Circling back to the Alabama-based hospital lawsuit, as taught by local News 5 provided contradictory statements. While at first, they describe the event as a “standard downtime procedure to mitigate the impact on our patients”. They also reassured that the hospital “seeing a regular volume of patients at the time”. A few days later they revised their statement to “currently addressing a security incident affecting our internal network. After learning of this issue, we immediately shut down our network to contain the incident and protect all data, notified law enforcement, and engaged leading outside forensic experts to support our investigation.”
In both cases, the updates were the leaser inaccurate.
A short inquiry by the local WKRG station found that the hospital was indeed turning away some patients because of the ransomware attack.

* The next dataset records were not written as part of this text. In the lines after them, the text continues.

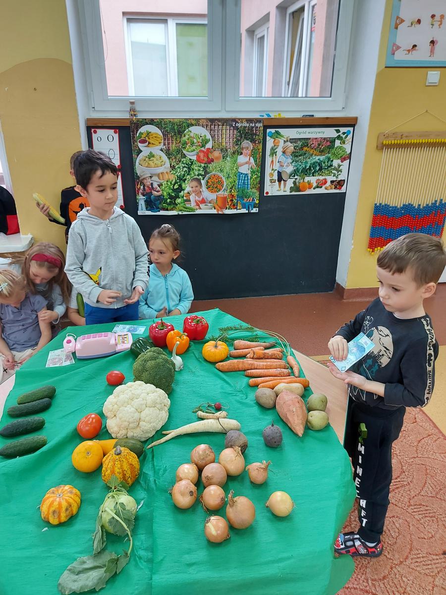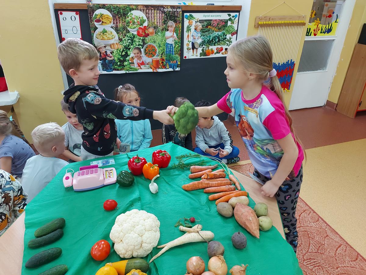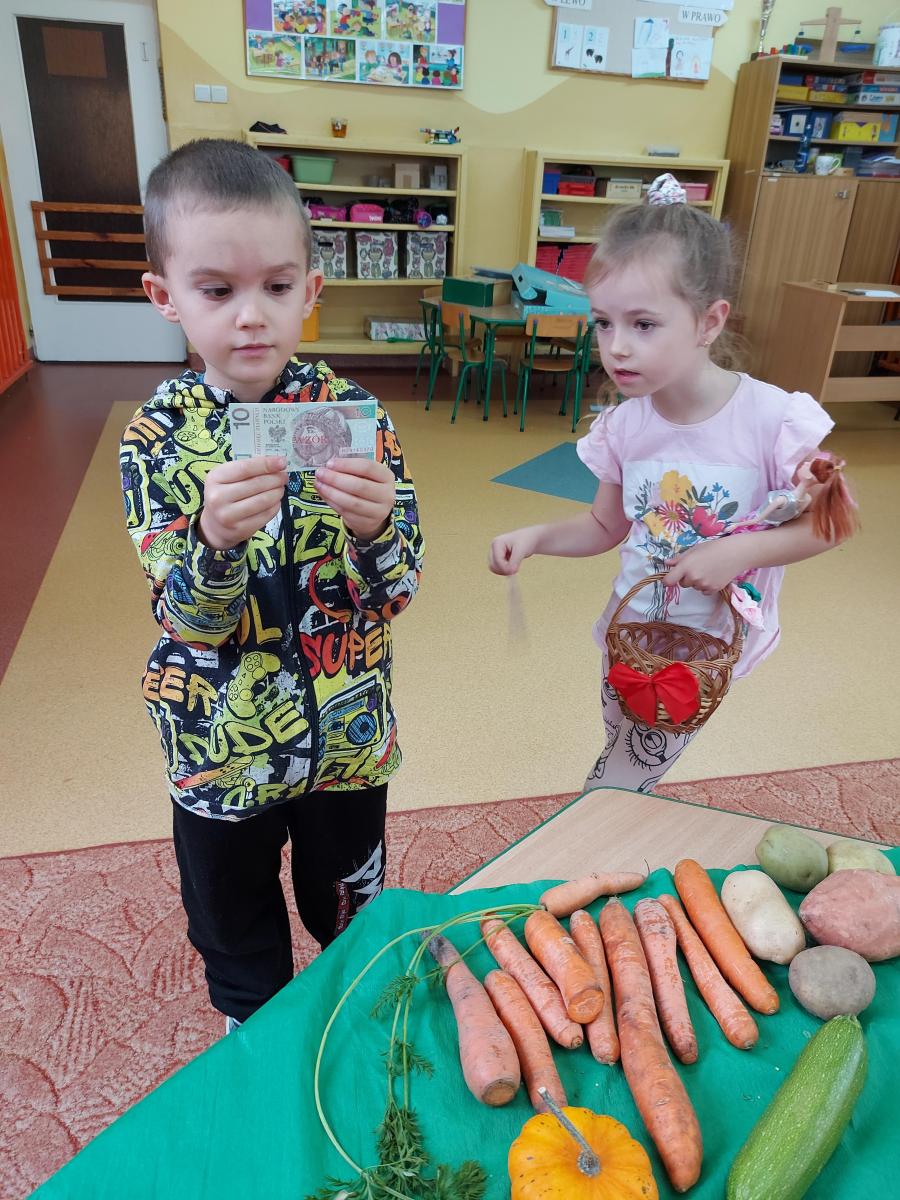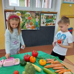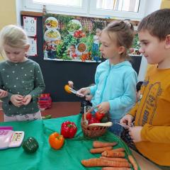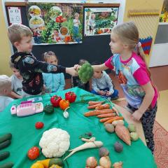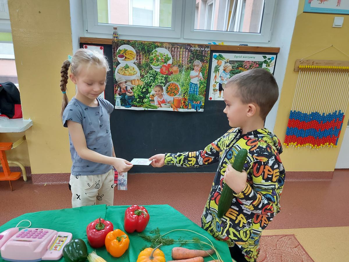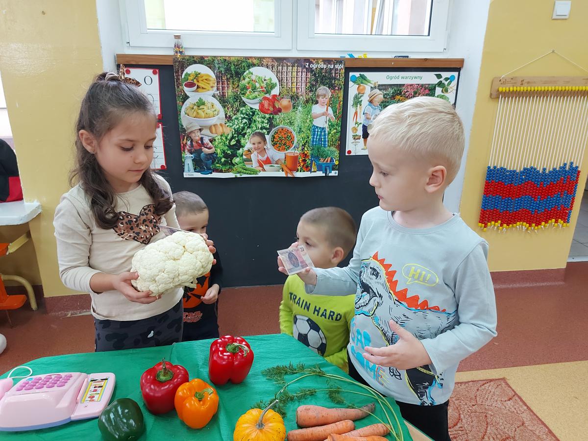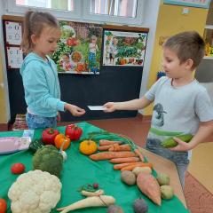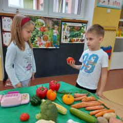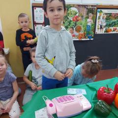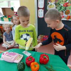 "Na straganie w dzień targowy takie słyszy się rozmowy..." . W ostatnim tygodniu motywem przewodnim naszych zajęć był wiersz Jana Brzechwy. Dzieci oglądały, nazywały, smakowały przyniesione do kącika przyrody warzywa. Dużą radość sprawiła zabawa w sklep i możliwość płacenia pieniędzmi.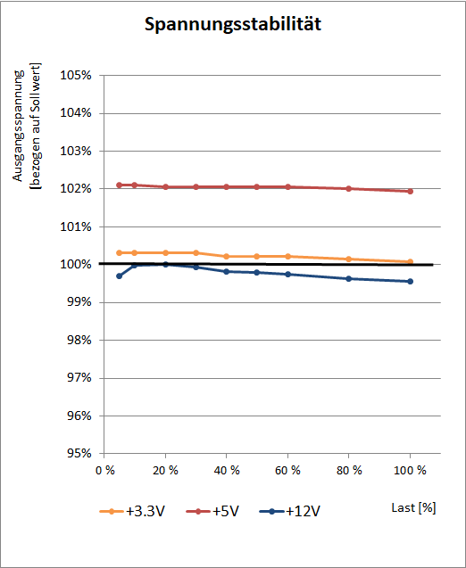 Die Qualität der Ausgangsspannungen ist eines der wichtigsten Merkmale eines Netzteils, eigentlich noch deutlich wichtiger als seine Effizienz. Arbeitet ein Netzteil nicht stabil bzw. liefert stark schwankende Spannungen, kann die Funktion des Rechners beeinträchtigt werden. Wir schauen uns daher einmal an, wie sich die Spannungen unter Last verändern und ob sie im durch den ATX Design Guide festgelegten Toleranzbereich bleiben. Dieser erlaubt Abweichungen von +/- 5 % von der Sollspannung, der Wertebereich der Diagramme entspricht genau diesem Toleranzbereich.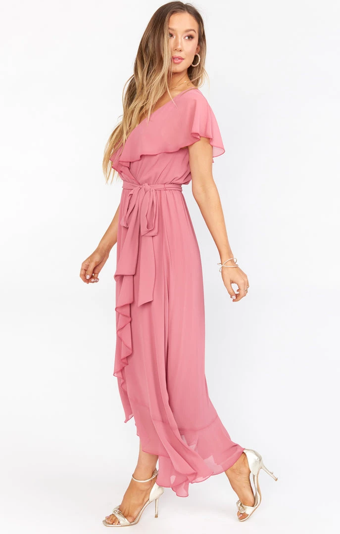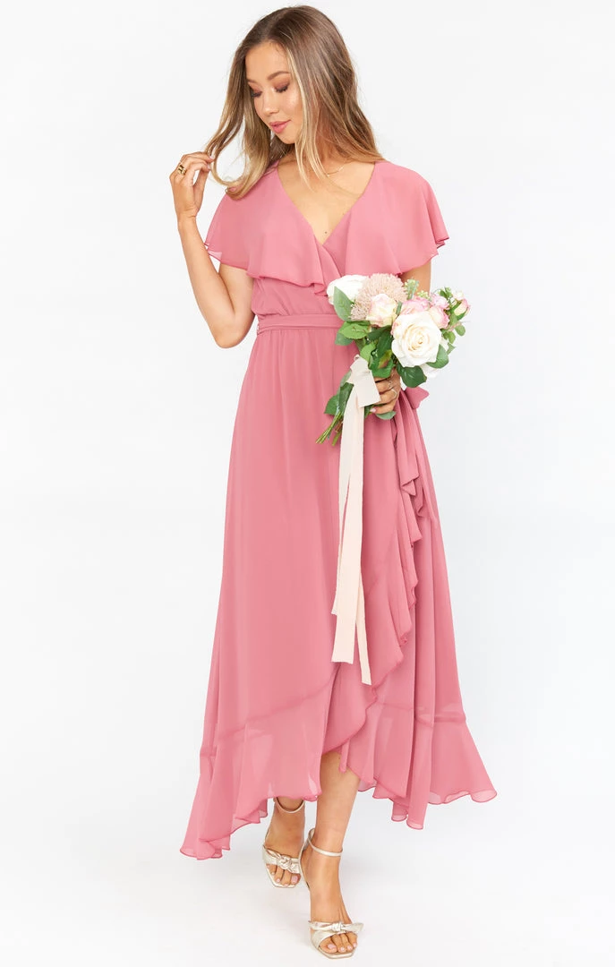 Show Me Your Mumu Jess Ruffle Midi Dress ~ Sunset Rose Chiffon Bridesmaids Dresses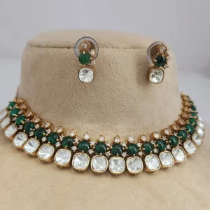 This is an elegant Polki Choker with layers of Stones & Mossainite, Green coloured stones add to its beauty. Make Heads Turn and wear this dazzling Mossainite and stone studded choker necklace set crafted with a combination of Mossainite and stones craftsmanship.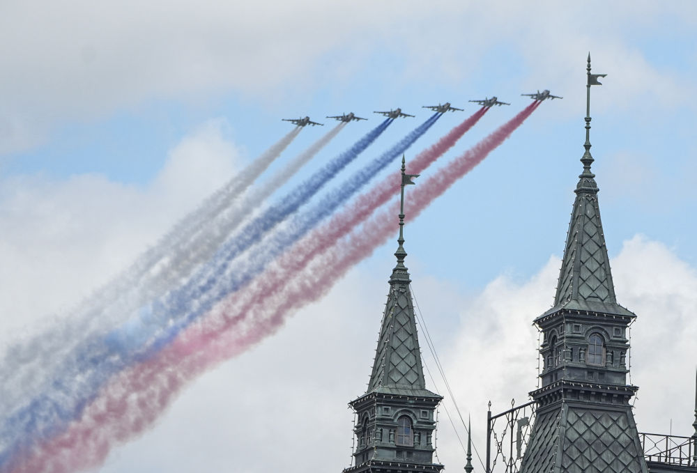 克里姆林宮斯巴斯基鐘樓上,巨大的自鳴鐘指針指向10時,悠揚的鐘聲響徹紅場。俄羅斯軍樂隊奏響《神聖的戰爭》樂曲,儀仗隊護衞俄羅斯國旗、偉大衞國戰爭勝利旗入場。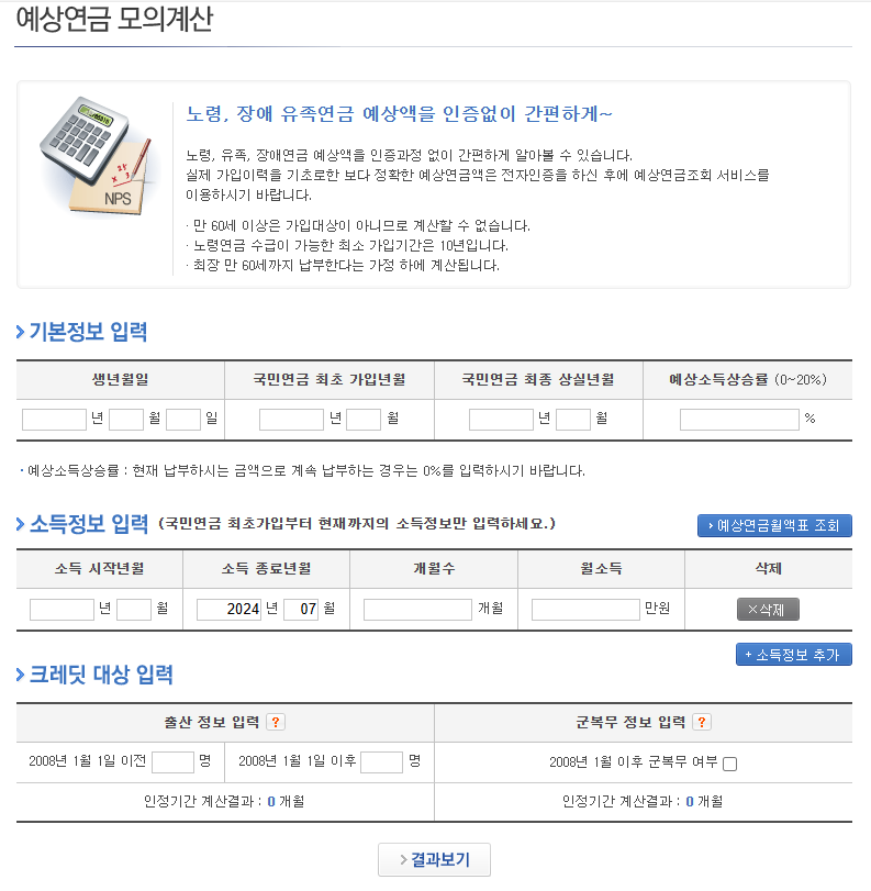 국민연금 예상 수령액 조회
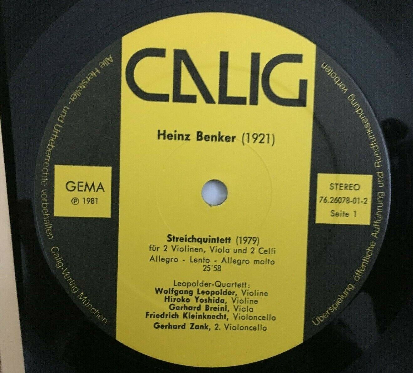 J009 Benker String Quintet Hiroko Yoshida Calig 76.26078-01-2 Stereo SIGNED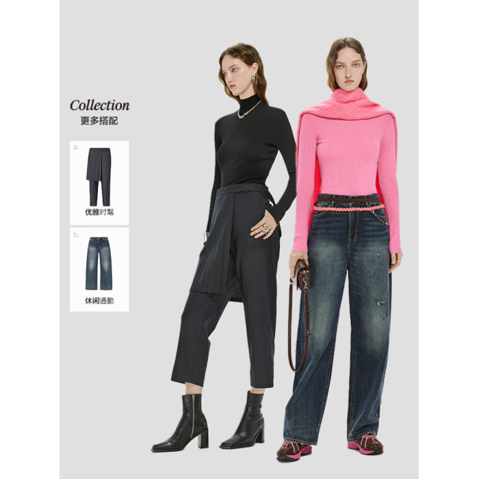 JNBY/江南布衣折釦秋冬舒適羊毛半高領針織衫修身打底衫純色女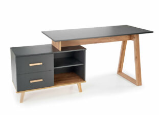 Un nouveau look pour votre lieu de travail arrive certainement au bon moment, n'est-ce pas ? Notre bureau au design asymétrique combine un design industriel intemporel avec une grande surface de travail qui peut accueillir confortablement tous vos documents, le PC et une lampe de bureau. Le conteneur intégré, qui sert de pilier à la table, offre un espace de rangement supplémentaire. Vous y trouverez trois tiroirs spacieux, dont les façades sont également conçues de manière asymétrique.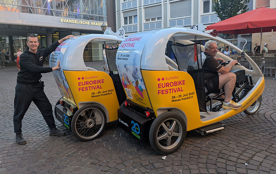 Auch in den Jahren nach 2022 war Velotaxi wiederholt für die EUROBIKE im Einsatz. Jeweils zwei auffällig im Messe-Design gebrandete Velotaxis waren im Stadtgebiet unterwegs, um die Messe publikumswirksam zu bewerben und Besucher:innen auf umweltfreundliche Weise zu befördern.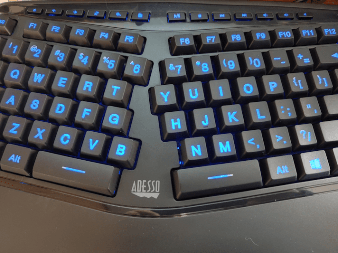 The ergonomic split keyboard is a must for me, but having a light up keyboard was also preferable, so that I could see it without having to shine my desk light on it, blinding myself every time I looked up.

A patient of the facility told the station his doctor’s appointment scheduled for that week was unexpectedly postponed with no further explanation: “The only information they could tell me is they possibly could call me back later in the week if the computers are back up but currently they are having issues with it”. Also, When contacted by the said police department and County Sheriff’s Office, both agencies claimed they “did not take any incident reports on this”.
A short inquiry by the local WKRG station found that the hospital statements were for the least inaccurate. Demonstrating that the hospital doesn’t have (or want) the capacity to manage a cyber-incident similarly to their associates in other sectors.